┌──
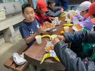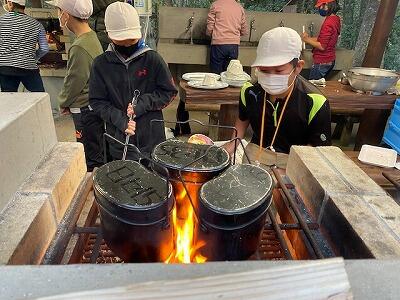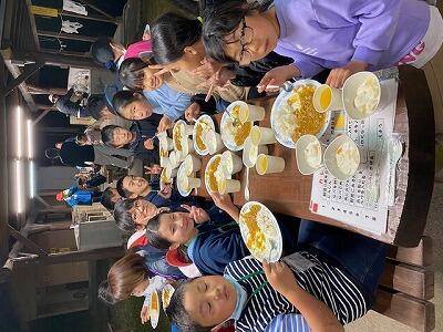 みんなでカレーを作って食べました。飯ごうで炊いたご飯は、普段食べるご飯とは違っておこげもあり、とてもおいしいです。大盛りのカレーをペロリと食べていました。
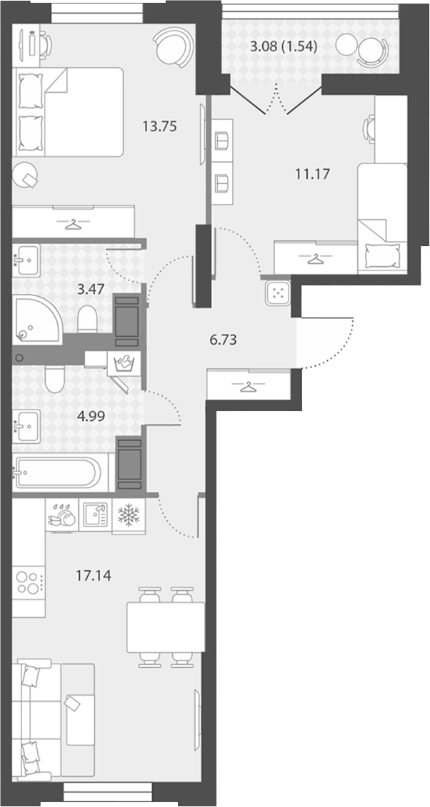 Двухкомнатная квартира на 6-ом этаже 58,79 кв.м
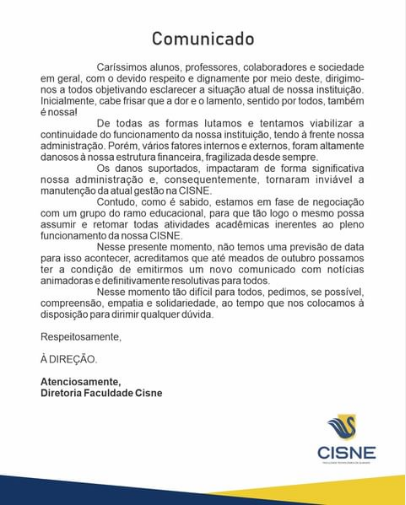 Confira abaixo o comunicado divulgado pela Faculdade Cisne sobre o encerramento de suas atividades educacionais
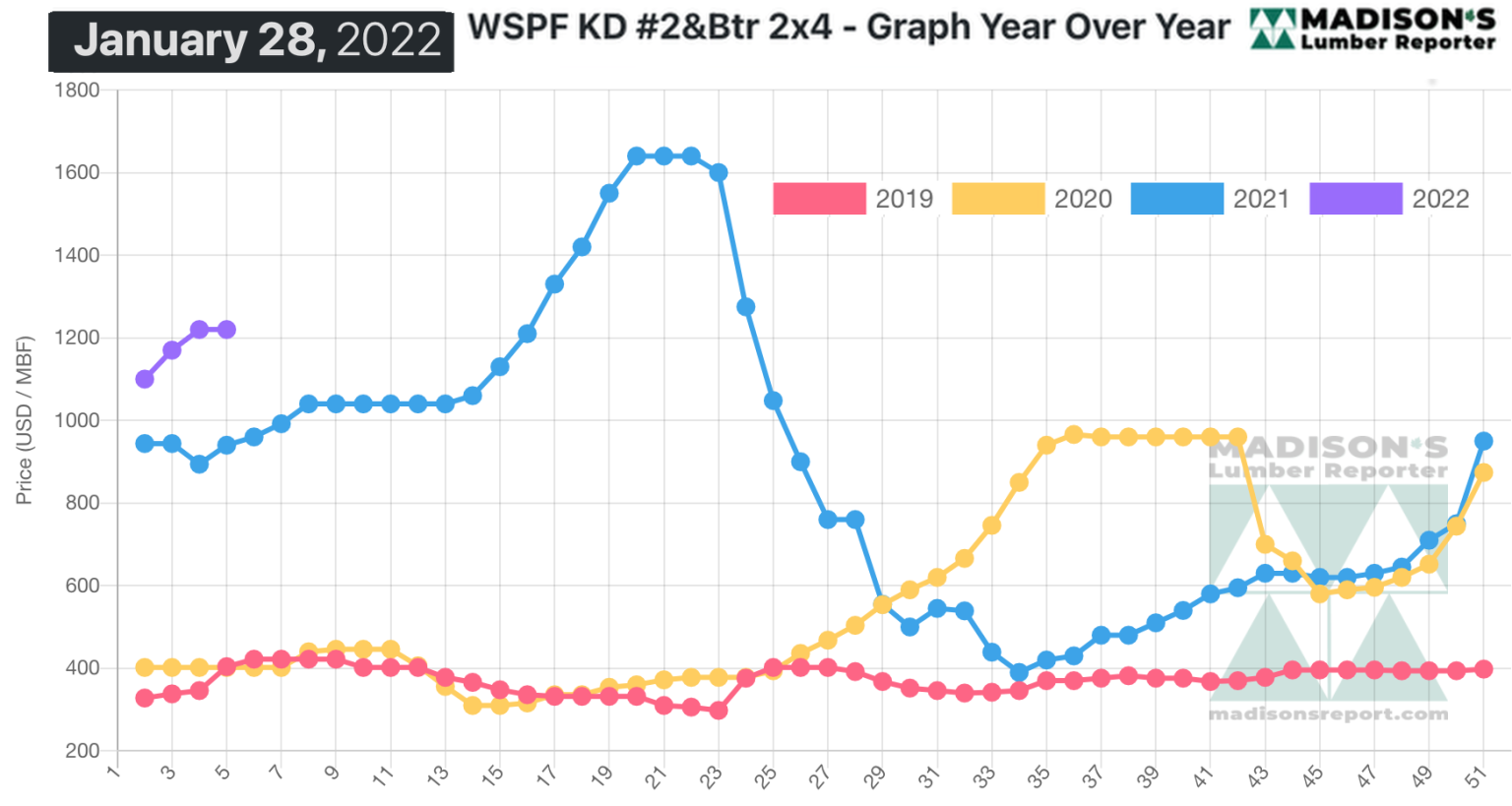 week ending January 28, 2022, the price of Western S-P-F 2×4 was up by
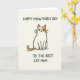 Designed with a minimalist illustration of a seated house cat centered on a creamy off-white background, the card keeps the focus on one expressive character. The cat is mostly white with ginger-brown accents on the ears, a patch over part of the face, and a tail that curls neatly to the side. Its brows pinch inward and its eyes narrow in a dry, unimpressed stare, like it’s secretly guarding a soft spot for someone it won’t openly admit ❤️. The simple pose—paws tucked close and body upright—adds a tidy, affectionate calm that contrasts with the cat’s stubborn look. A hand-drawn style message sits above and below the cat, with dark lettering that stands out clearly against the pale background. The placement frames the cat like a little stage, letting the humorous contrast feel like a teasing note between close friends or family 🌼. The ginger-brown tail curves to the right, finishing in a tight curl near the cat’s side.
└──
### [WORK TO BE COMPLETED]
Without the pictures, give every line of the data again, exactly as written.

### [OUTPUT OF THE TASK]
 みんなでカレーを作って食べました。飯ごうで炊いたご飯は、普段食べるご飯とは違っておこげもあり、とてもおいしいです。大盛りのカレーをペロリと食べていました。
 Двухкомнатная квартира на 6-ом этаже 58,79 кв.м
 Confira abaixo o comunicado divulgado pela Faculdade Cisne sobre o encerramento de suas atividades educacionais
 week ending January 28, 2022, the price of Western S-P-F 2×4 was up by
 Designed with a minimalist illustration of a seated house cat centered on a creamy off-white background, the card keeps the focus on one expressive character. The cat is mostly white with ginger-brown accents on the ears, a patch over part of the face, and a tail that curls neatly to the side. Its brows pinch inward and its eyes narrow in a dry, unimpressed stare, like it’s secretly guarding a soft spot for someone it won’t openly admit ❤️. The simple pose—paws tucked close and body upright—adds a tidy, affectionate calm that contrasts with the cat’s stubborn look. A hand-drawn style message sits above and below the cat, with dark lettering that stands out clearly against the pale background. The placement frames the cat like a little stage, letting the humorous contrast feel like a teasing note between close friends or family 🌼. The ginger-brown tail curves to the right, finishing in a tight curl near the cat’s side.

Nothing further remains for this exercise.